§ PROMPT: Print the records exactly and in full, please; the pictures stay out.

(Data extracted from a collection)
━━━━━━

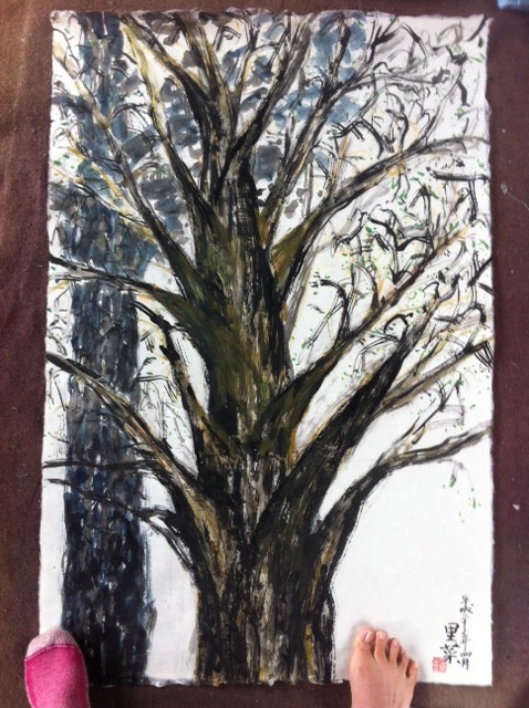 Putting the paper directly onto the ground, I did a quick sketch with ink and brush. Very fast one.
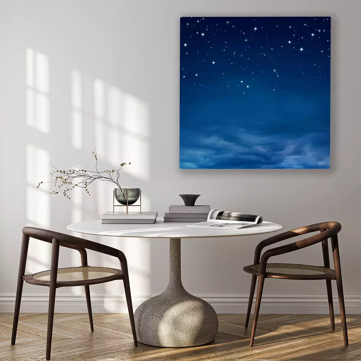 Das Motiv wird auf eine qualitativ hochwertige Leinwand gedruckt, die auf einen Blendrahmen gezogen wird. Da der Aufdruck die Seitenkanten bedeckt, muss das Bild nicht zusätzlich eingerahmt werden. Wir empfehlen außerdem Kompositionen aus mehreren Bildern, die ein harmonisches Ganzes bilden.
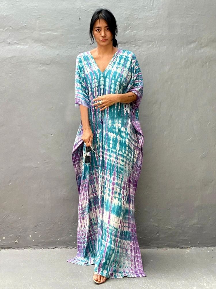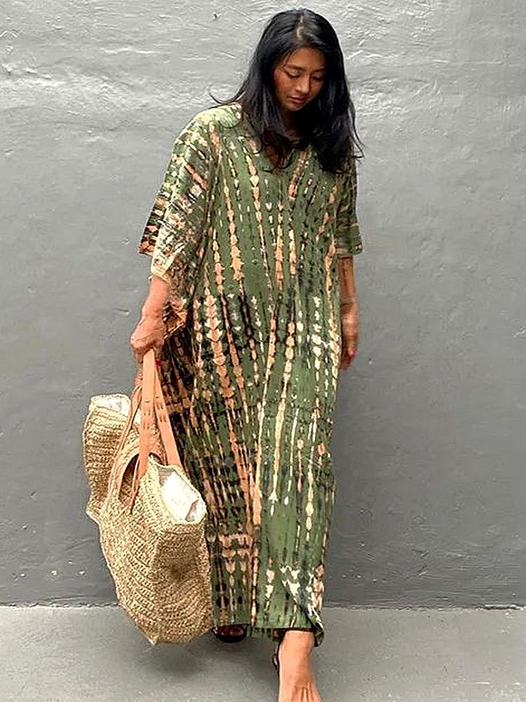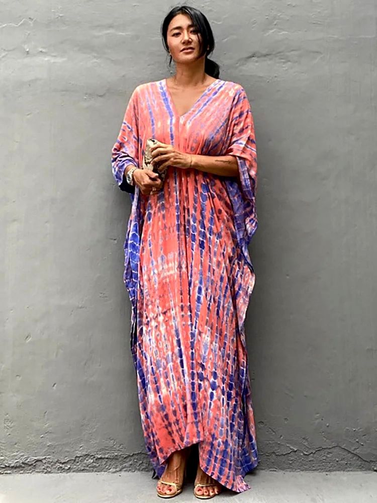 Vivez l’esprit libre et insouciant d’un été avec cette longue robe tie and dye, où le mouvement des flots et la chaleur solaire sont vos compagnons quotidiens.
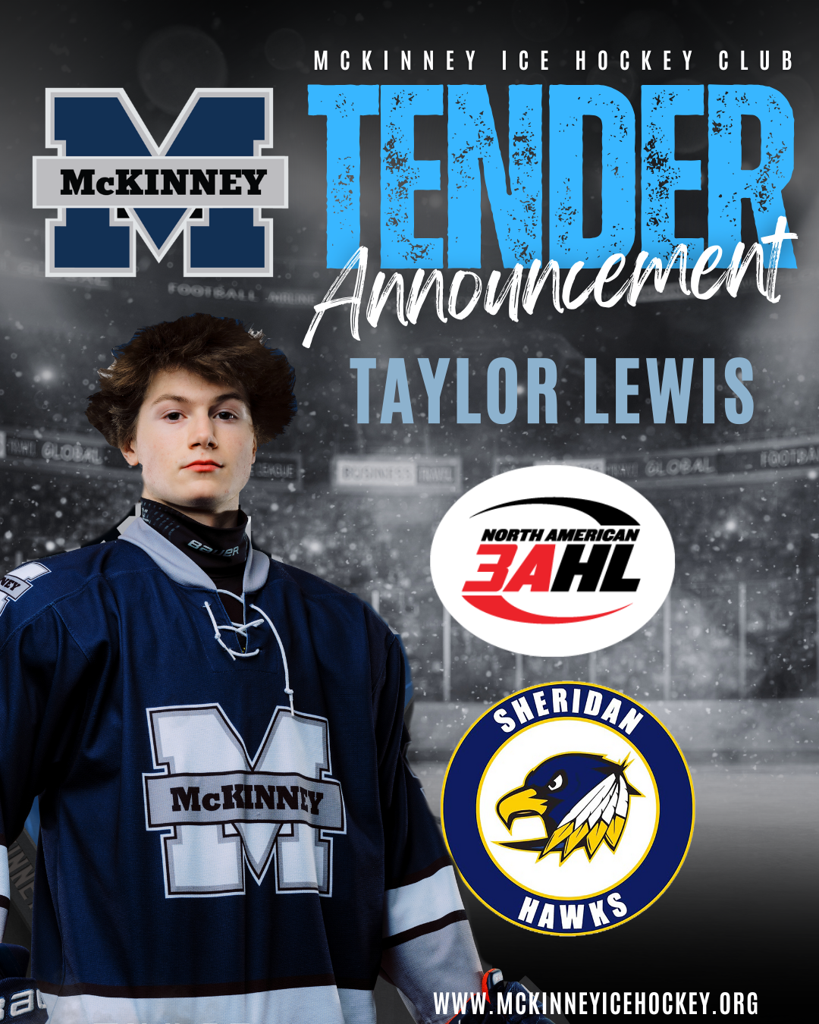 The McKinney Ice Hockey Club is proud to announce that defenseman Taylor Lewis has signed a tender agreement with the Sheridan Hawks of the North American 3 Hockey League (NA3HL) today, April 16, 2025. This signing represents a significant step in Taylor's hockey career and highlights the development pathway our program strives to create for student-athletes.
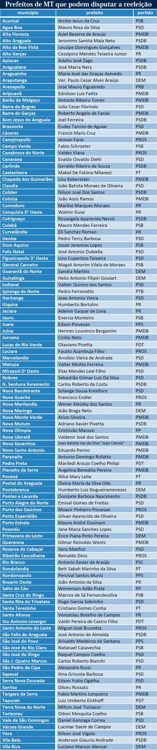 Na lista de quem pode ir à reeleição figuram prefeitos com três ou mais mandatos, como Érico Piana (Primavera do Leste), Percival Muniz (Rondonópolis), Otaviano Pivetta (Lucas do Rio Verde), Adriano Pivetta (Nova Mutum) e Maia Neto (Alto Araguaia). E existem outros que entraram há poucos meses, como Lucimar Campos (Várzea Grande), Paulo Cesar (Araputanga) e Lisu Koberstain (Chapada dos Guimarães).
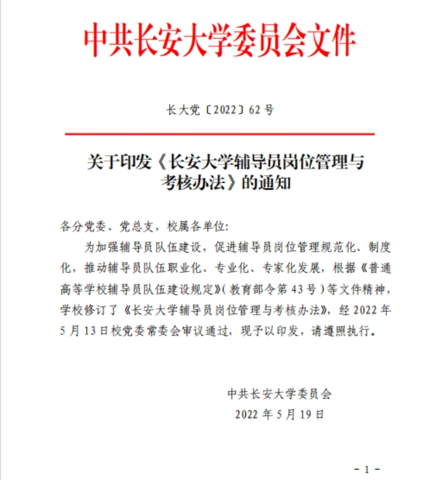 制定《长安大学“一站式”学生社区综合管理模式建设工作方案》,成立由校党委书记、校长任组长的工作领导小组,定期召开“一站式”学生社区建设工作推进会,形成党委统一领导、党政齐抓共管、二级单位各负其责的工作机制;出台《长安大学辅导员管理与考核办法》《长安大学关于进一步加强和改进学生社区教育管理服务工作的实施意见》《长安大学学生“思政班主任”选聘管理办法》《长安大学本科生学业导师选聘管理办法》等一系列文件强化体系支撑,提升综合保障能力。特别是,把辅导员在学生社区开展工作作为辅导员考核的重要指标。
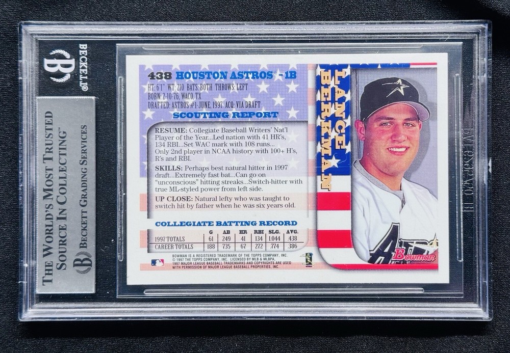 Secured packaging, bubble mailer USPS First Class Tracking This authentic 1997 Bowman baseball trading card features Lance Berkman, a Major League Baseball player for the Houston Astros. The card is a first-year international rookie card made of standard card stock and is an original, licensed reprint. It has been hard signed by Berkman and authenticated by Beckett Authentication Services (BAS) with a certification number of 00016355729. The card is a valuable addition to any collection and perfect for fans of the Astros or Berkman. It is in excellent condition and has been well-preserved. Don't miss your chance to own this rare and unique collectible.
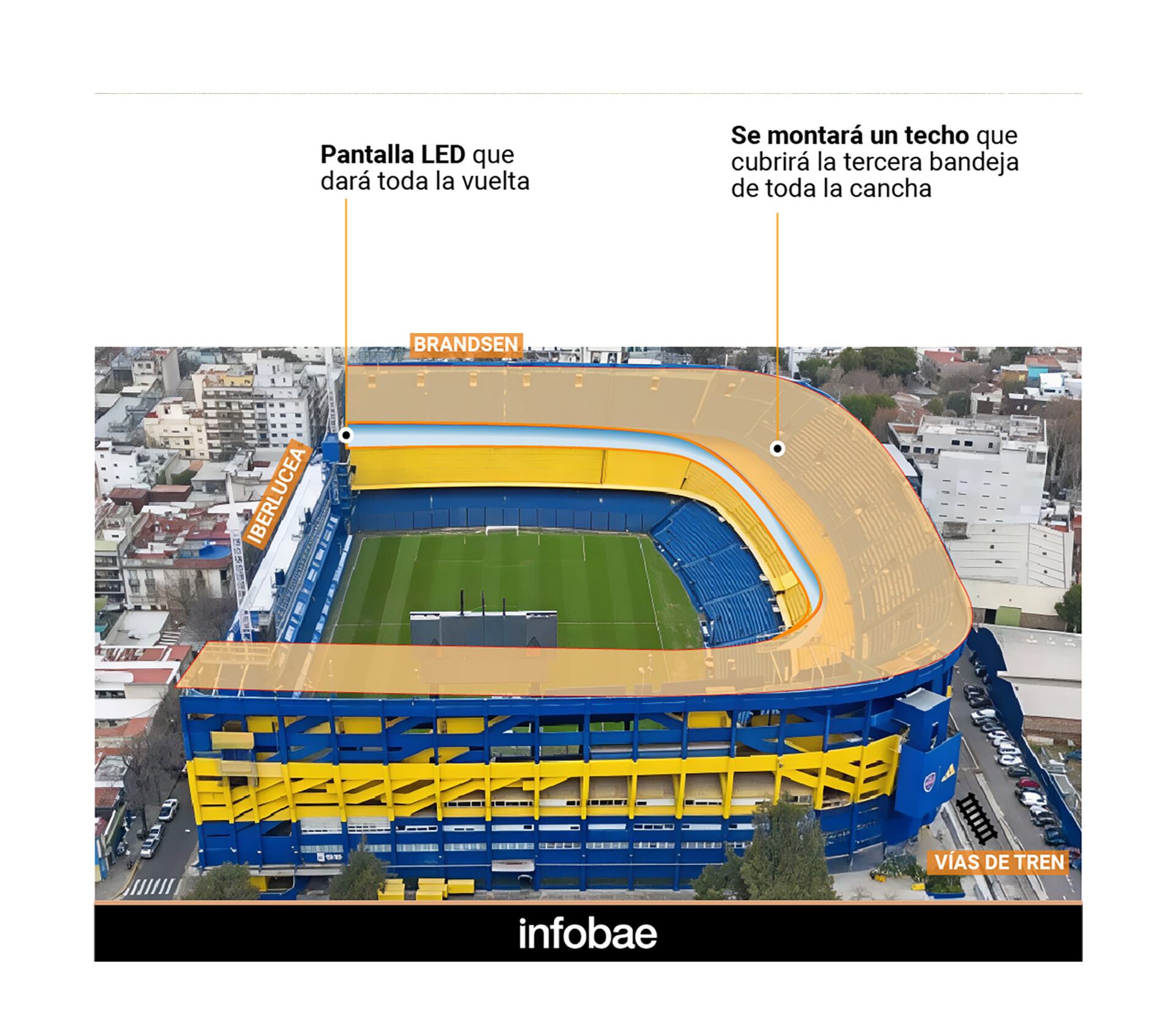 La nueva Bombonera tendrá otros chiches. Desde una pantalla led de 360° que recorrerá toda la cancha en su espacio interior hasta un techo que cubrirá la tercera bandeja popular en su totalidad. Hay que mencionar que el desarrollo de la obra más importante llevará al equipo a mudar su localía. Todavía no existen precisiones respecto al tiempo en el que Boca actuará fuera de su estadio, pero estiman que el período abarcará entre tres y seis meses. En tanto, no existen acuerdos con gobernaciones o clubes para jugar en otras canchas, pero las primeras alternativas que aparecen son el Único de La Plata (provincia de Buenos Aires), el Nuevo Gasómetro de San Lorenzo y el José Amalfitani de Vélez Sársfield (dentro de Capital Federal).
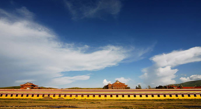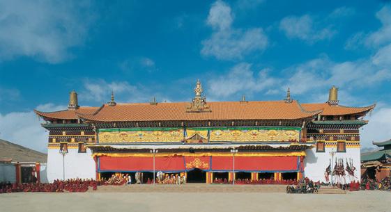 2、大经堂中最大的一尊佛像是用药泥塑雕成的强巴佛(弥勒佛)像,有四层楼约20米高,佛身内珍藏了千余部大藏经经卷。在大经堂中还珍藏有万余部《甘珠多》、《丹珠多》等著名藏文经典,珍藏有数十座宗教灵塔、宝塔。大经堂墙上挂满了堆绣、彩绘和用矿物颜料绘制的许多珍贵的唐卡。
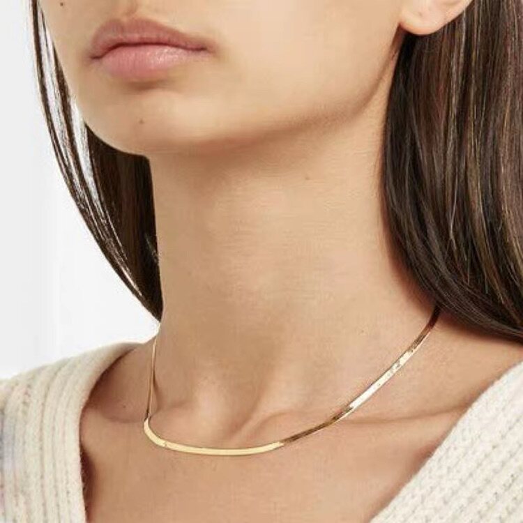 Golden double-layer extremely fine snake chain (40 5cm) Rose gold 35 5cm extended chain (single) Gold 2 3mm flat snake bone chain (40 5cm) white steel color width 2 3m

━━━━━━

§ RESULT:
 Putting the paper directly onto the ground, I did a quick sketch with ink and brush. Very fast one.
 Das Motiv wird auf eine qualitativ hochwertige Leinwand gedruckt, die auf einen Blendrahmen gezogen wird. Da der Aufdruck die Seitenkanten bedeckt, muss das Bild nicht zusätzlich eingerahmt werden. Wir empfehlen außerdem Kompositionen aus mehreren Bildern, die ein harmonisches Ganzes bilden.
 Vivez l’esprit libre et insouciant d’un été avec cette longue robe tie and dye, où le mouvement des flots et la chaleur solaire sont vos compagnons quotidiens.
 The McKinney Ice Hockey Club is proud to announce that defenseman Taylor Lewis has signed a tender agreement with the Sheridan Hawks of the North American 3 Hockey League (NA3HL) today, April 16, 2025. This signing represents a significant step in Taylor's hockey career and highlights the development pathway our program strives to create for student-athletes.
 Na lista de quem pode ir à reeleição figuram prefeitos com três ou mais mandatos, como Érico Piana (Primavera do Leste), Percival Muniz (Rondonópolis), Otaviano Pivetta (Lucas do Rio Verde), Adriano Pivetta (Nova Mutum) e Maia Neto (Alto Araguaia). E existem outros que entraram há poucos meses, como Lucimar Campos (Várzea Grande), Paulo Cesar (Araputanga) e Lisu Koberstain (Chapada dos Guimarães).
 制定《长安大学“一站式”学生社区综合管理模式建设工作方案》,成立由校党委书记、校长任组长的工作领导小组,定期召开“一站式”学生社区建设工作推进会,形成党委统一领导、党政齐抓共管、二级单位各负其责的工作机制;出台《长安大学辅导员管理与考核办法》《长安大学关于进一步加强和改进学生社区教育管理服务工作的实施意见》《长安大学学生“思政班主任”选聘管理办法》《长安大学本科生学业导师选聘管理办法》等一系列文件强化体系支撑,提升综合保障能力。特别是,把辅导员在学生社区开展工作作为辅导员考核的重要指标。
 Secured packaging, bubble mailer USPS First Class Tracking This authentic 1997 Bowman baseball trading card features Lance Berkman, a Major League Baseball player for the Houston Astros. The card is a first-year international rookie card made of standard card stock and is an original, licensed reprint. It has been hard signed by Berkman and authenticated by Beckett Authentication Services (BAS) with a certification number of 00016355729. The card is a valuable addition to any collection and perfect for fans of the Astros or Berkman. It is in excellent condition and has been well-preserved. Don't miss your chance to own this rare and unique collectible.
 La nueva Bombonera tendrá otros chiches. Desde una pantalla led de 360° que recorrerá toda la cancha en su espacio interior hasta un techo que cubrirá la tercera bandeja popular en su totalidad. Hay que mencionar que el desarrollo de la obra más importante llevará al equipo a mudar su localía. Todavía no existen precisiones respecto al tiempo en el que Boca actuará fuera de su estadio, pero estiman que el período abarcará entre tres y seis meses. En tanto, no existen acuerdos con gobernaciones o clubes para jugar en otras canchas, pero las primeras alternativas que aparecen son el Único de La Plata (provincia de Buenos Aires), el Nuevo Gasómetro de San Lorenzo y el José Amalfitani de Vélez Sársfield (dentro de Capital Federal).
 2、大经堂中最大的一尊佛像是用药泥塑雕成的强巴佛(弥勒佛)像,有四层楼约20米高,佛身内珍藏了千余部大藏经经卷。在大经堂中还珍藏有万余部《甘珠多》、《丹珠多》等著名藏文经典,珍藏有数十座宗教灵塔、宝塔。大经堂墙上挂满了堆绣、彩绘和用矿物颜料绘制的许多珍贵的唐卡。
 Golden double-layer extremely fine snake chain (40 5cm) Rose gold 35 5cm extended chain (single) Gold 2 3mm flat snake bone chain (40 5cm) white steel color width 2 3m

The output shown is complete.